_Required action_. Lower down are entries containing pictures. Copy exactly, without those pictures, the lines from the line with "بوضياف / المسيلة" through the line with "For properties that".

[Dataset records]
_ _ _ _

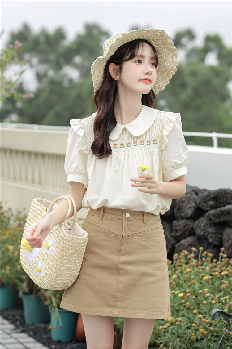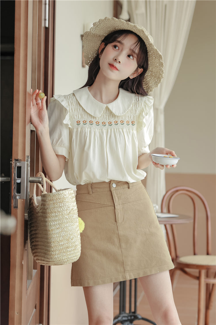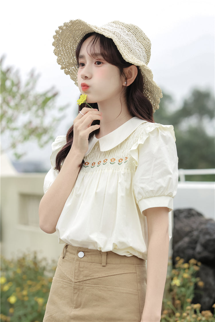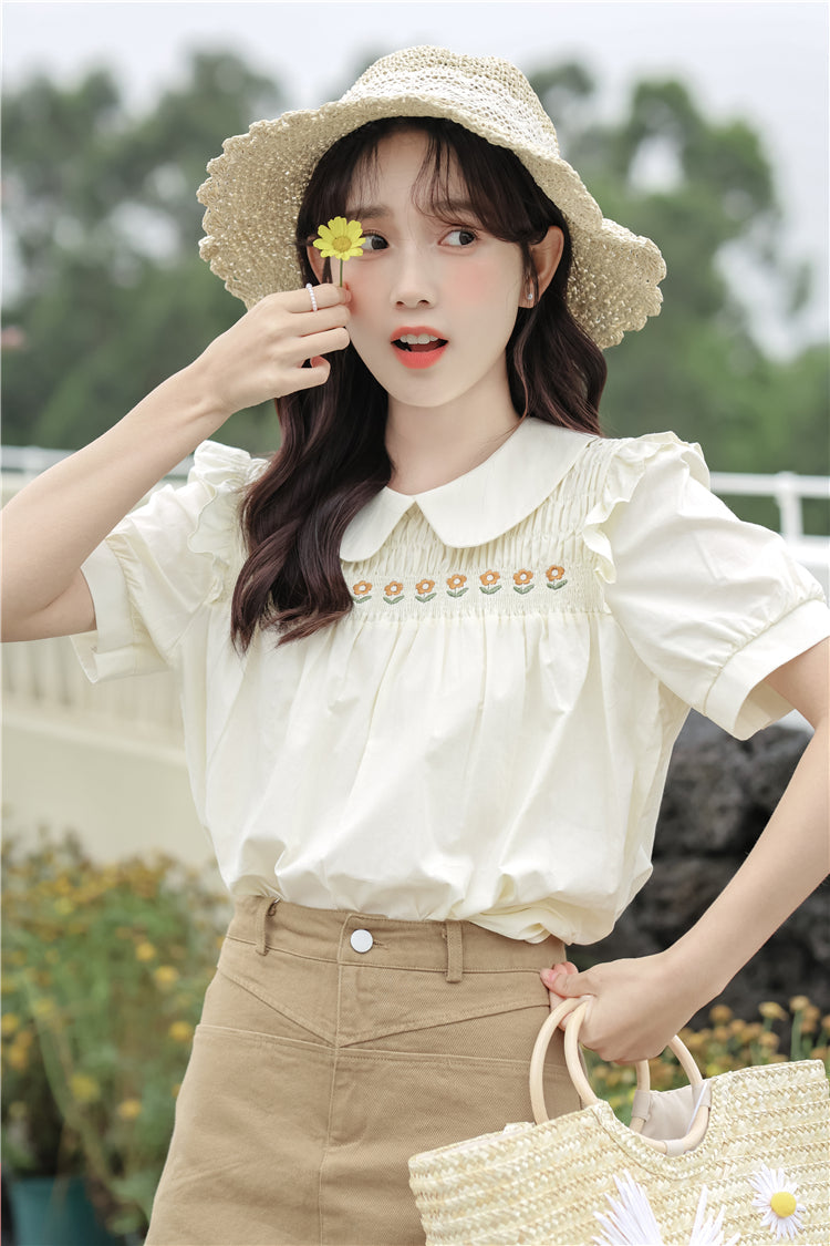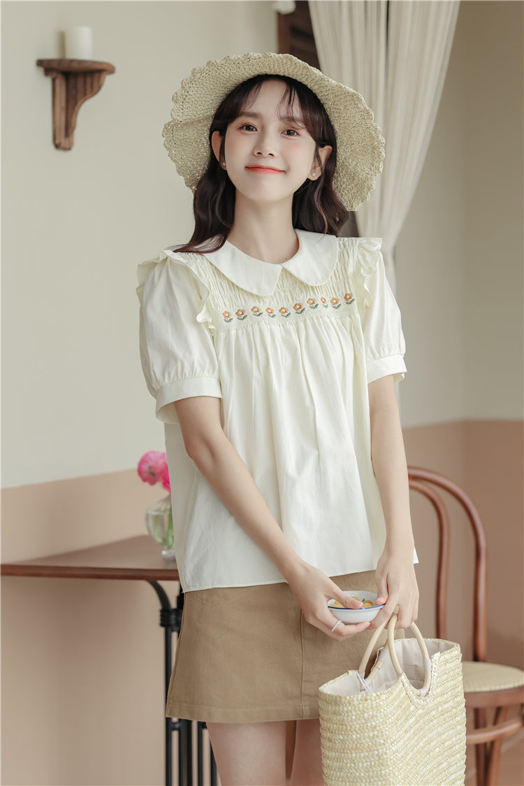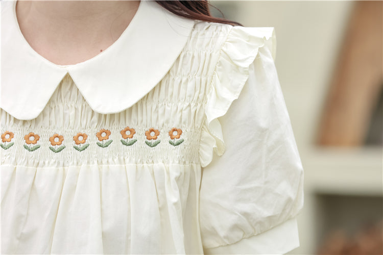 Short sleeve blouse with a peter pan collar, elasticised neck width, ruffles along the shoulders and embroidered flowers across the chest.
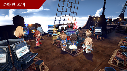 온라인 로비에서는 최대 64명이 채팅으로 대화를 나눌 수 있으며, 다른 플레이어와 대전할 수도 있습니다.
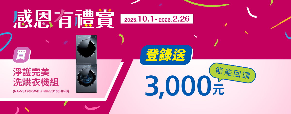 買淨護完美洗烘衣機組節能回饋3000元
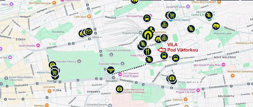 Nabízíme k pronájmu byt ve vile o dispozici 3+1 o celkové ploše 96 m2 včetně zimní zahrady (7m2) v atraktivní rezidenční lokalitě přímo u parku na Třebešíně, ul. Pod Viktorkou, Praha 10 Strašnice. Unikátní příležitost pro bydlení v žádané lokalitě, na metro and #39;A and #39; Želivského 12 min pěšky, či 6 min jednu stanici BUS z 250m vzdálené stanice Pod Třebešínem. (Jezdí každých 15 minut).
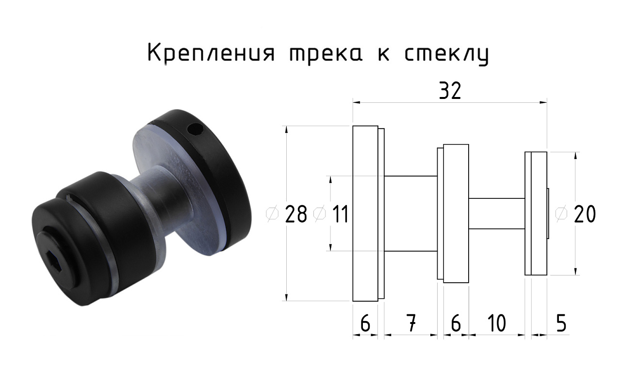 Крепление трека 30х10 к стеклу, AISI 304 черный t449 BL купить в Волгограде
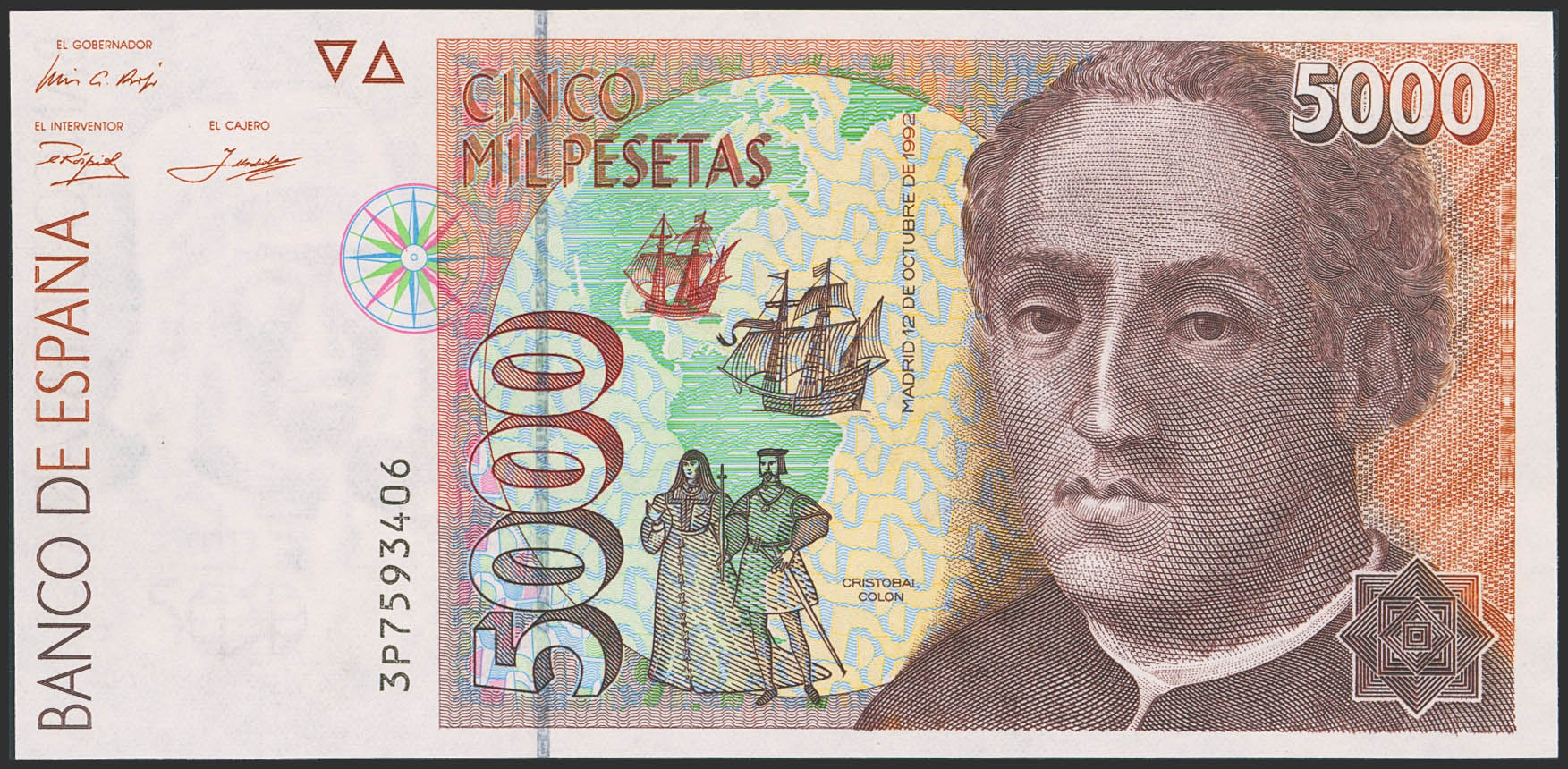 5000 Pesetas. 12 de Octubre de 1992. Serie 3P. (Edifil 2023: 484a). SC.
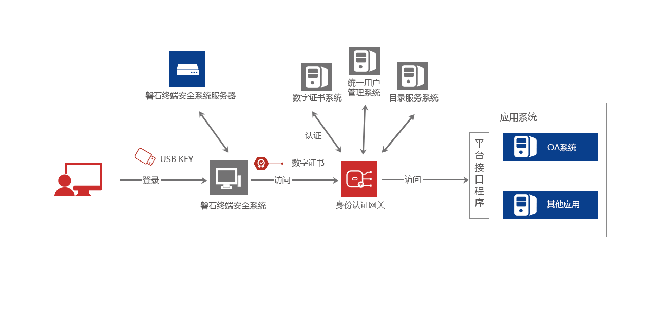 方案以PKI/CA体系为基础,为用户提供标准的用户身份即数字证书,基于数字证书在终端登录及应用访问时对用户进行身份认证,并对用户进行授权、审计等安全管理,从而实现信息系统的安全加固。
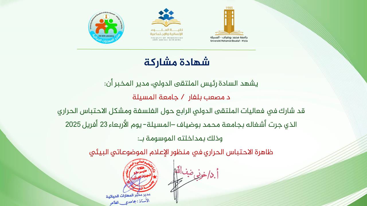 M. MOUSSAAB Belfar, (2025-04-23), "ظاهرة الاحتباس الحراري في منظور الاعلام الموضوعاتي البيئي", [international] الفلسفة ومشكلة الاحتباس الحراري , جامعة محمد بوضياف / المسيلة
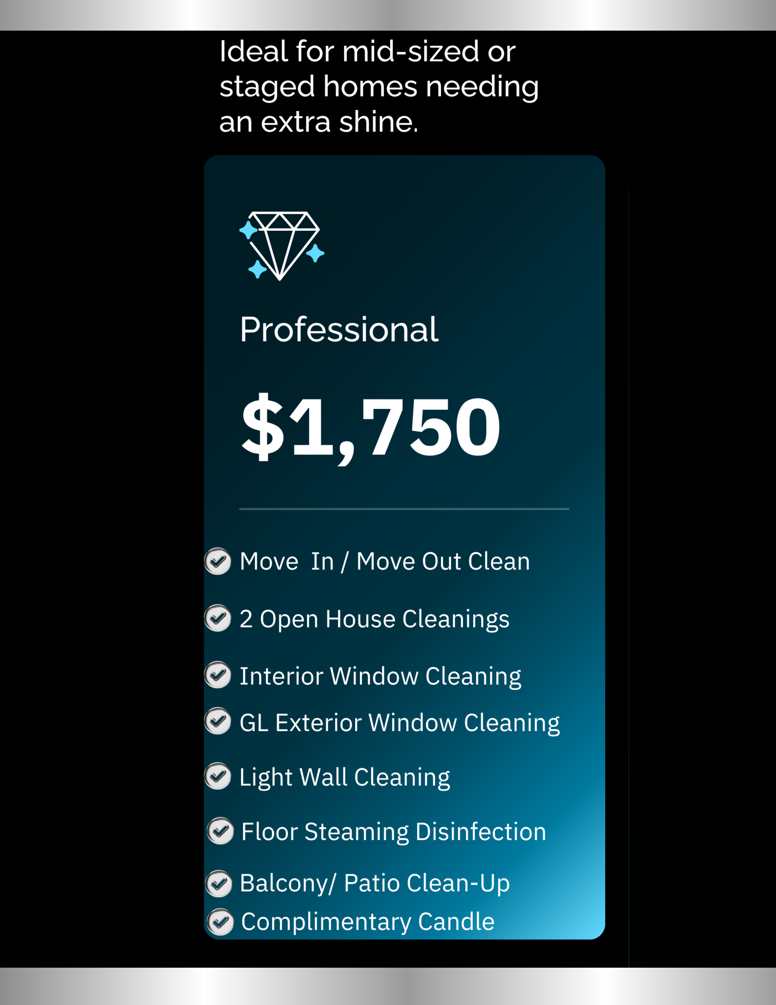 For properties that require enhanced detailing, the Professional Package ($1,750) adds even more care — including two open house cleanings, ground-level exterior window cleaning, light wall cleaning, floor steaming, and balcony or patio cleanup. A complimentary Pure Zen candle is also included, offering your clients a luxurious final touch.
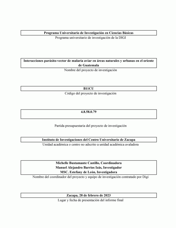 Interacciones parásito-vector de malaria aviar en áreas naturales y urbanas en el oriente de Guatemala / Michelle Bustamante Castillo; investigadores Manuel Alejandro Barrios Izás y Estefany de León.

_ _ _ _

_Written solution_.
 M. MOUSSAAB Belfar, (2025-04-23), "ظاهرة الاحتباس الحراري في منظور الاعلام الموضوعاتي البيئي", [international] الفلسفة ومشكلة الاحتباس الحراري , جامعة محمد بوضياف / المسيلة
 For properties that require enhanced detailing, the Professional Package ($1,750) adds even more care — including two open house cleanings, ground-level exterior window cleaning, light wall cleaning, floor steaming, and balcony or patio cleanup. A complimentary Pure Zen candle is also included, offering your clients a luxurious final touch.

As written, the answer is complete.